In the U.S., this point has been echoed by progressive outlets and thinkers, such as Jeffrey Sachs, the linguist Noam Chomsky, or most recently by the American philosopher, activist and longest-of-long-shots, third-party presidential candidate Cornel West.
“We told them after they disbanded the Warsaw Pact that we could not expand NATO, not one inch. And we did that, we lied,” said Dennis Fritz, a retired U.S. Air Force official and the head of the Eisenhower Media Network — which describes itself as a group of “National Security Veteran experts, who’ve been there, done that and have an independent, alternative story to tell.”
It was Fritz’s organization that argued in a May 2023 ad in the New York Times that although the “immediate cause” of the “disastrous” war in Ukraine was Russia’s invasion, “the plans and actions to expand NATO to Russia’s borders served to provoke Russian fears.”
The ad noted that American foreign policy heavyweights, including Robert Gates and Henry Kissinger, had warned of the dangers of NATO expansion. “Why did the U.S. persist in expanding NATO despite such warnings?” it asked. “Profit from weapons sales was a major factor.”
Cohen andGreenfield announce a new flavor, Justice Remix’d, in 2019 | Win McNamee/Getty Images
When I spoke to Cohen, the group’s primary donor, according to Fritz, he echoed the ad’s key points, saying U.S. arms manufacturers saw NATO’s expansion as a “financial bonanza.”

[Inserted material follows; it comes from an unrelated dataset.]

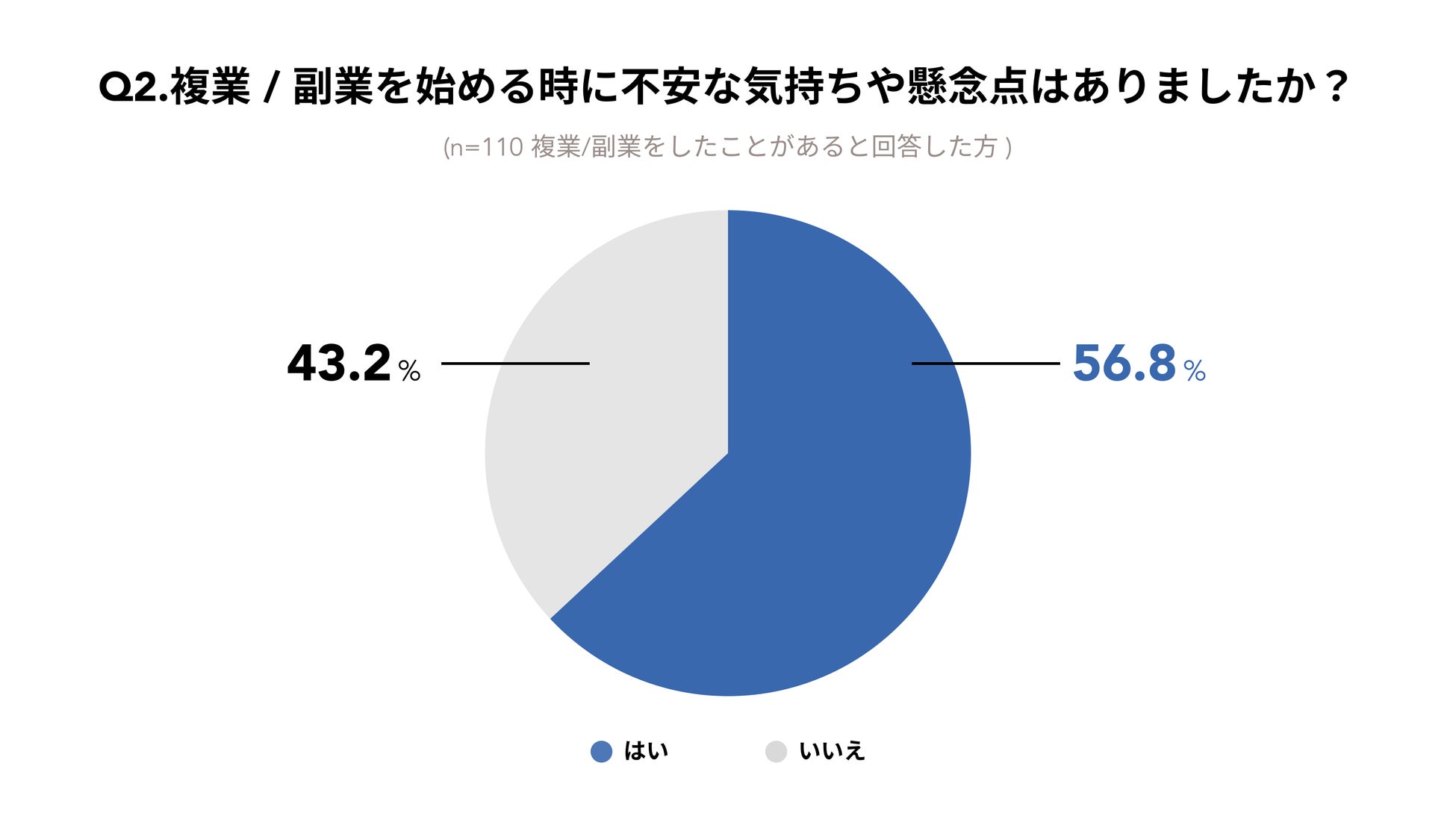 複業経験者に対して、始めるときに不安な気持ちや懸念点はあったかと質問したところ、約6割の人が「はい」と回答しました。複業を始めるときに不安な気持ちがある方が多いことから、それが複業をまだ始めていない人にとっての理由にもあたるのではないかと考えます。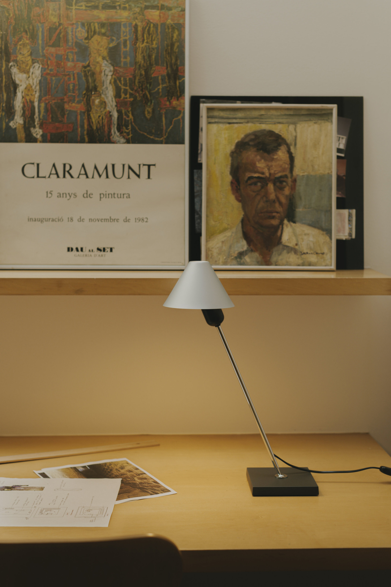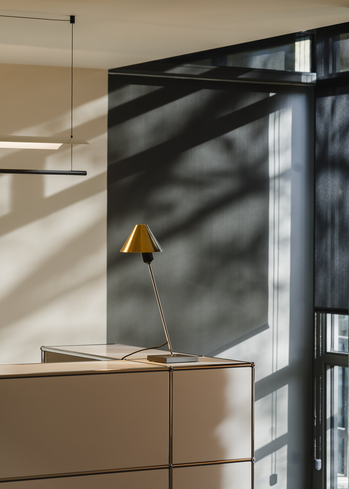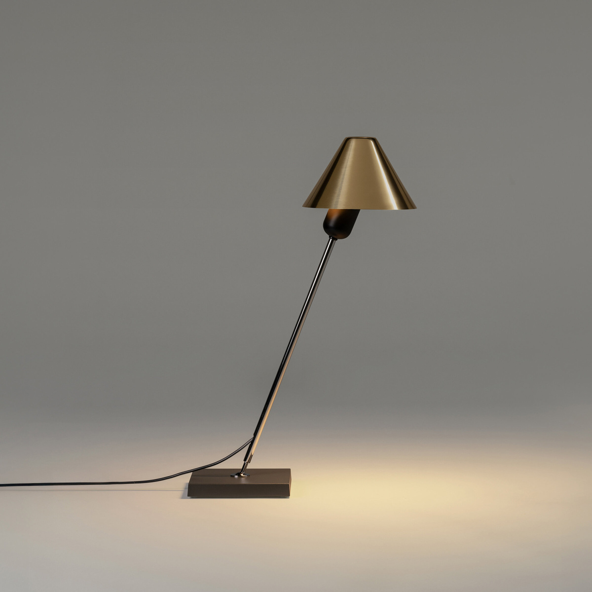 Светильник Gira table привлекает сдержанной элегантностью. Его силуэт выстраивается из чётких геометрических форм: квадратное основание, лаконичные линии кронштейна и конусообразный абажур. Серое металлическое основание придаёт модели устойчивость, не перегружая пространство.

“In the end, money won,” he said with a resigned tone. “And today, not only are they providing weapons to all the new NATO countries, but they’re providing weapons to Ukraine.”
I told Cohen I could understand his opposition to the war and follow his critique of U.S. foreign policy, but I couldn’t grasp how he could take a position that put him in the same corner as a government that is bombing civilians. He refused to be drawn in.
“I’m not supporting Russia, I’m not supporting Ukraine,” he said. “I’m supporting negotiations to end the war instead of providing more weapons to continue the war.”
The Grayzone
I tried to get a better answer when I spoke to Aaron Maté, the Canadian-born journalist who won the award for “defense reporting and analysis” that Cohen was instrumental in funding.
Named after the late Pierre Sprey, a defense analyst who campaigned against the development of F-35 fighter jets as overly complex and expensive, the award recognized Maté’s “continued work dissecting establishment propaganda on issues such as Russian interference in U.S. politics, or the war in Syria.”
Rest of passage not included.